Она вздернула несчастную на ноги и поволокла к лестнице.
— НЕТ! Бабушка, нет!!!
В голосе девушки было столько отчаяния, что старуха застыла.
— Бабушка, миленькая, не говори никому! — взахлеб тараторила послушница. — Тут парни одни, каково мне между ними быть — девке пользованной?! Как я Нэду позор этот расскажу, как остальным креффам? Все пальцем в меня тыкать будут — выученицу ратоборца как… как… Какой из меня вой после этакого? Как оплеванная ходить буду.
Она закончила почти шепотом, но старая поняла. Цитадель — мирок крохотный, в котором всяк всякого знает. Каково будет девке с этакой славой? Кто смеяться будет, а кто жалеть. И то, и другое — горше полыни.
— Ну, ну, успокойся, не скажу, не скажу я никому. Ты настойку-то хоть пьешь?
Лесана кивнула.
— И то ладно… Ох, горе горькое… Идем, идем, милая.
Дико было слышать от едкой Нурлисы эти ласковые уговоры, но выученица словно плавала в вязком киселе. Бабка взяла послушницу под руку и подтолкнула к выходу из башни. Девушка спускалась по темной лестнице, и душу снова сковывало холодное оцепенение. А еще, пуще прежнего болело и ныло тело.
Нурлиса, глядя, как неловко переступает по ступенькам несчастная, зло поджимала губы. По этой неровной, полной скрытого страдания походке все было ясно и без слов.
Через двор шли медленно. Лесана вся как-то сжалась, словно став ниже ростом, ссутулилась и смотрела под ноги.
— Вот ты где, значит, — раздался голос откуда-то справа.
Девушка вздрогнула и вскинулась.
Около конюшен стоял Дарен, скрестив на груди руки.
— Все выученики собрались, одной тебя нет. И сколько мы должны по Цитадели, как псы бегать, во все углы заглядывая?
— Наставник… — залопотала Лесана, понимая, что ныне не сможет не то что бегать, но и даже сидеть без боли.
— Ах ты, мордоворот!

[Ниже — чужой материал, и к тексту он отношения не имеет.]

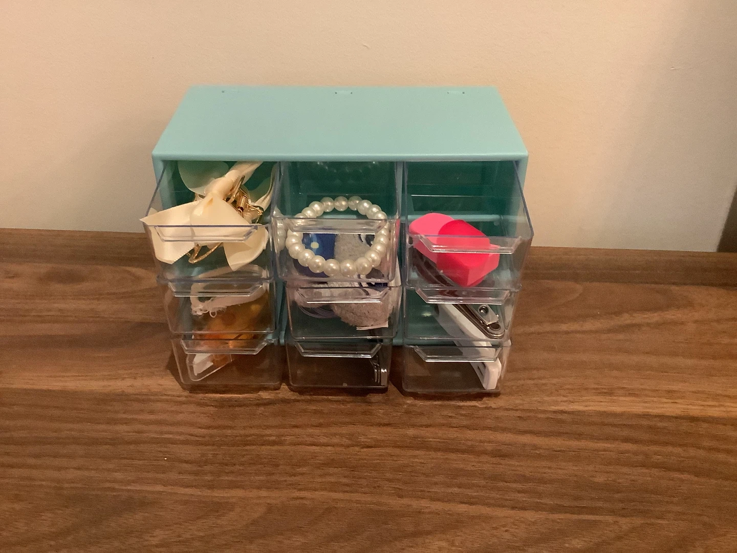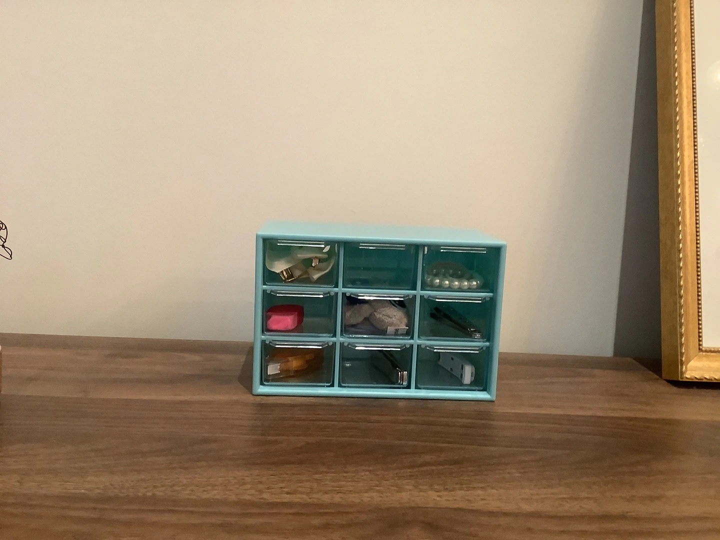 This light blue organizer has nine clear drawers, perfect for small items. Plastic material. It's great for keeping craft supplies or jewelry tidy. This would be useful for anyone needing extra storage. Easy to access and great for desktop storage.

Бегают они! А то, что я, бабка старая, уже который день, как собака рыщу, помощника прошу — так вам то без интересу? Вам бы бегать, да? — Нурлиса наступала на Дарена, поправляя на голове платок. — Так и знай, девку тебе в эту седмицу не отдам! Не мысли даже! Нэд ее отослал мертвецкие драить? Ну, так мертвецам все одно — в грязи ли, в чистоте ли лежать. А я — человек живой, мне помощь потребна! Котлы, вон, сколько уже не чищены стоят? Дров наносить? Прибрать помочь? Бегают они…
Дарен даже попятился от этакого натиска.
— Да угомонись ты, вот же заноза! — выругался он, наконец. — Я покамест крефф ее, прежде чем девку припрягать, хоть бы слово мне молвила!
— Ах, слово тебе! Ишь, шишка великая! Крефф он. Я свое слово Нэду молвила. Он сказал, бери кого хошь, только отстань. Я и взяла, кто первая под руку попалась. Иль мне всю Цитадель обежать надо было, и у всех позволения спросить? А?
Дарен сплюнул и махнул рукой:
— Ну, старая… Есть же ехидны! Седмицу пусть работает, раз Глава дозволил. А потом, чтобы передо мной стояла. Поняла?
— Тьфу на тебя, — ответила бабка и поковыляла прочь, толкая Лесану в спину. — Иди, иди, ишь, еле ноги переставляет.
…В душном царстве Нурлисы девушка тихо осела на скамью и уткнулась носом в старую тканку.
— Пореви, пореви, доченька, — головы коснулась сухая старческая ладонь. — Пореви, милая, легче станет.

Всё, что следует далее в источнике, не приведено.